While a ΔG_BdpA,BdpA value of zero is consistent with an interfacial interaction that is neither stabilizing nor destabilizing, it is inconsistent with the number of states in the 1D Ising model . An interfacial free energy of zero (equilibrium constant of one) would mean that when both repeats are folded, half of the population has an interface formed, and half has does not. However, the 1D Ising model does not allow for fractured interfaces. To account for this missing state, we fitted the BdpA curves using the fractured 1D-ising model. This model fits about as well as the standard 1D Ising model, and give a nearly identical ΔG_BdpA (Table 4). However, ΔG_BdpA,BdpA is poorly defined; though it has a lower bound of around +1 kcal/mol, it is essentially unbounded from above. This reflects the fact that unstable interfaces are not formed and thus have no influence on the folding transitions, regardless of whether interfacial stability is +1 or +10 kcal/mol. This is a manifestation of the thermodynamic maxim that things that are energetically unfavorable do not happen.
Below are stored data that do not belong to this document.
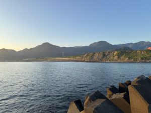 車が多数停まっているのは左端の突堤根本だが、混んでいるところは避けたいので右端の突堤は乗り込めないとかなんか事情があるのかと歩いて見に行ったところ車数台+釣り人1人見えたので戻って移動、右端突堤の根本に停めて歩いて突堤先端へ移動。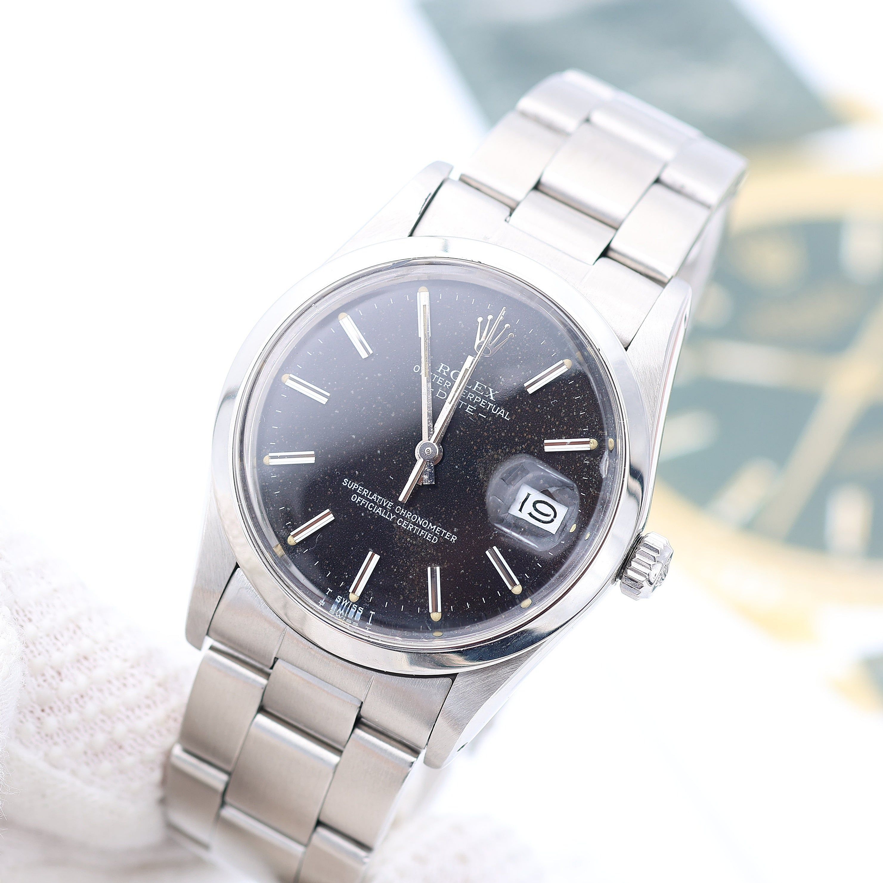 For sale at Debonar Watches: pre-owned Rolex Oyster Perpatual Date ref. 15000, with quickset date function.This Rolex has a sportive black dial, perfect for everyday: please noticed the little white spots on the dial - they are part of the vintage charm of this watch.On top is a smooth polished bezel, giving an attractively minimalist frame to the dial. The Rolex Date Stainless Steel with white roman dial 15000 is one of the most classic Rolex watches ever made. Released to market in the 1980’s, you can be sure you are gaining a precise, reliable, and highly fashionable Rolex Date watch.The Date Rolex features a acrylic crystal, Rolex Chronometer, waterproof stainless steel case 34mm in diameter, smooth bezel.The dials always say DATE. BRAND ROLEX MODEL DATE REFERENCE 15000 CASE MATERIAL STEEL MOVEMENT AUTOMATIC DIMENSION 34 MM DIAL BLACK BEZEL STEEL CRYSTAL PLEXIGLASS BRACELET TYPE BRACELET BRACELET MATERIAL STEEL BRACELET LENGHT 16 CM ORIGINAL BOX NO ORIGINAL PAPERS NO YEAR APPROX. THE '70s CONDITION VERY GOOD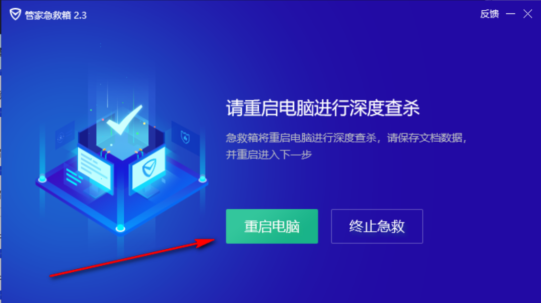 6、隨后即可進入到掃描頁面中,掃描成功后,會提示小伙伴們【重啟電腦】進行深度查殺深度查殺之后就可以解決了。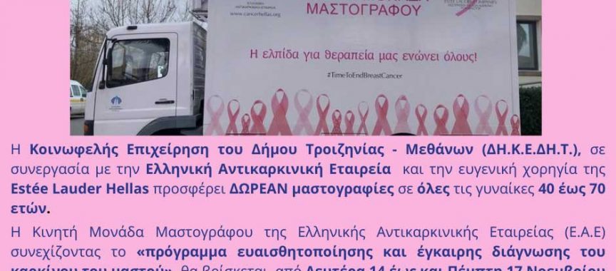 Με αφορμή την Παγκόσμια Ημέρα Πρόληψης Κατά του Καρκίνου του Μαστού, η οποία γιορτάζεται κάθε χρόνο στις 25 Οκτωβρίου, η Κοινωφελής Επιχείρηση του Δήμου Τροιζηνίας – Μεθάνων, σε συνεργασία με την Ελληνική Αντικαρκινική Εταιρεία (Ε.Α.Ε.) και την εταιρεία καλλυντικών Estée Lauder Hellas, προσφέρει την δυνατότητα σε όλες τις γυναίκες ηλικίας 40 έως 70 ετών να εξεταστούν δωρεάν το τετραήμερο 14 έως 17 Νοεμβρίου!

Although the fractured Ising partition function is a more appropriate description of the states of BdpA than the simpler 1D-Ising model, its poorly determined interfacial free energy is rather ungainly. The binomial model, which has the same form as the 1D-Ising model but treats adjacent folded repeats as unpaired, fits with about the same RSSR as the fractured 1D-Ising model, and gives identical ΔG_BdpA and m-values to three significant figures (Table 4). The goodness-of-fit of the binomial model further supports the assignment of BdpA arrays to FARPs.